**Task to carry out:** Pictures stay out; print the rest of the listing below exactly as it stands.

**Collected material:**
* * *

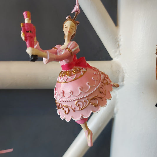 Enzo De Gasperi, set 2 decorazioni soldatino+ballerina rosa, resina, h13 cm
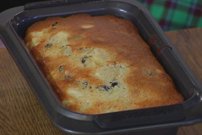 Форму для кекса смазать оливковым маслом, выложить тесто, разровнять его и выпекать в разогретой духовке 25–30 минут.
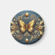 An artistic depiction of an ornate golden butterfly surrounded by elegant floral and ornamental curls on a contrasting blue background, enhancing themes of luxury, elegance, and decor.

* * *

**Response to this exercise:**
 Enzo De Gasperi, set 2 decorazioni soldatino+ballerina rosa, resina, h13 cm
 Форму для кекса смазать оливковым маслом, выложить тесто, разровнять его и выпекать в разогретой духовке 25–30 минут.
 An artistic depiction of an ornate golden butterfly surrounded by elegant floral and ornamental curls on a contrasting blue background, enhancing themes of luxury, elegance, and decor.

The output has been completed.